I am going to create a service with postgres using secrets in Swarm mode:

/Users/aironman/gitProjects/udemy-docker-mastery/secrets-sample-1> ll 12:26 aironman@MacBook-Pro-de-Alonso
Executing ls -lh
total 8
-rw-r--r-- 1 aironman staff 11B May 4 11:33 psql_user.txt
█▓▒░aironman@MacBook-Pro-de-Alonso░▒▓██▓▒░ Wed Jun 16 12:26:44P
/Users/aironman/gitProjects/udemy-docker-mastery/secrets-sample-1> bat psql_user.txt 12:26 aironman@MacBook-Pro-de-Alonso
File: psql_user.txt
mypsqluser

Creating a secret user file with super secret username

█▓▒░aironman@MacBook-Pro-de-Alonso░▒▓██▓▒░ Wed Jun 16 12:26:51P
/Users/aironman/gitProjects/udemy-docker-mastery/secrets-sample-1> docker secret create psql_user psql_user.txt
9noqpr67rmhiip0rlx6fko6t3

Creating a secret user file with super secret password. Not the best way.
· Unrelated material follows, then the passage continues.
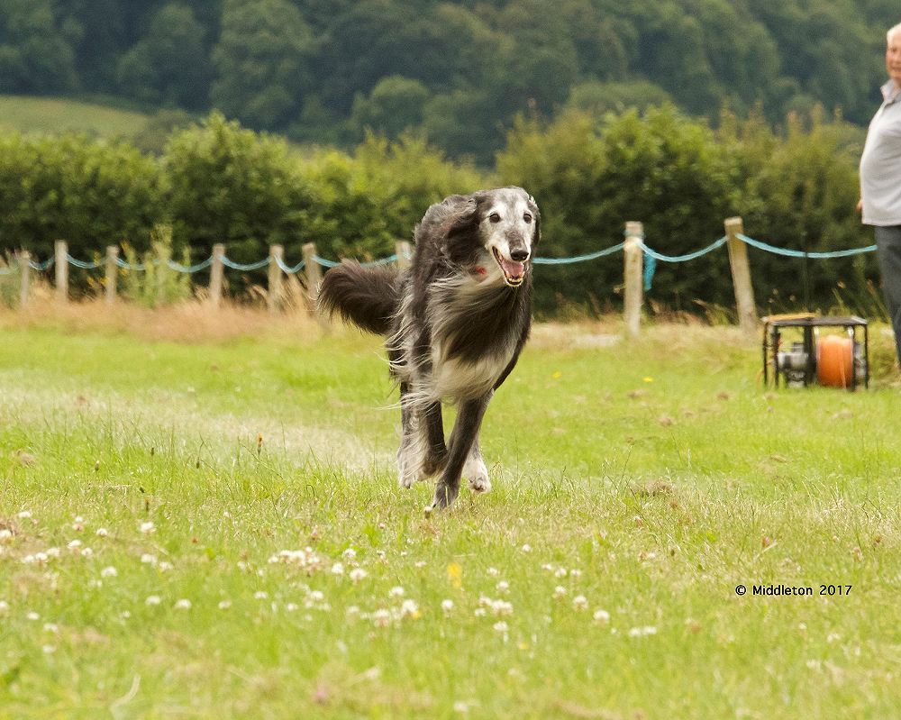 Es hat mich immer fasziniert, wie er in jeder Situation gelassen und cool blieb. Selbst in großem Trubel immer ein kleines Fleckchen fand um sich mit einem scheinbaren Axelzucken nieder zu legen, als wenn ihn das Alles nicht beeindruckte. Auch auf einem großen Windhundrennen, um ihn herum viele bellende Hunde, und den Hasenzug nicht weit entfernt vor Augen, er so gelassen und ruhig blieb, dass wir schon betrübt dachten "der läuft heute nicht". Aber wehe es wurde ernst, dann war er da, zu 100%. Konzentriert und hochmotiviert. Sogar in einem Alter von 7 Jahren noch so schnell, dass er die komplette (extrem starke und junge) Konkurrenz hinter sich lies.

Probably you will want to delete bash history after creating the psql_pass.

█▓▒░aironman@MacBook-Pro-de-Alonso░▒▓██▓▒░ Wed Jun 16 12:29:12P
/Users/aironman/gitProjects/udemy-docker-mastery/secrets-sample-1> echo "MyDBSupersecretPass" | docker secret create psql_pass
Error response from daemon: rpc error: code = InvalidArgument desc = secret data must be larger than 0 and less than 512000 bytes
█▓▒░aironman@MacBook-Pro-de-Alonso░▒▓██▓▒░ Wed Jun 16 12:29:59P

Adding to the last sentence should do the work

/Users/aironman/gitProjects/udemy-docker-mastery/secrets-sample-1> echo "MyDBSupersecretPass" | docker secret create psql_pass -
u7nr6461y4874x0jnjjylkvt5

Listing secrets…

█▓▒░aironman@MacBook-Pro-de-Alonso░▒▓██▓▒░ Wed Jun 16 12:30:23P
/Users/aironman/gitProjects/udemy-docker-mastery/secrets-sample-1> docker secret ls 12:30 aironman@MacBook-Pro-de-Alonso
ID NAME DRIVER CREATED UPDATED
u7nr6461y4874x0jnjjylkvt5 psql_pass 2 minutes ago 2 minutes ago
9noqpr67rmhiip0rlx6fko6t3 psql_user 3 minutes ago 3 minutes ago
█▓▒░aironman@MacBook-Pro-de-Alonso░▒▓██▓▒░ Wed Jun 16 12:33:02P

Now Creating the service in swarm mode using secrets.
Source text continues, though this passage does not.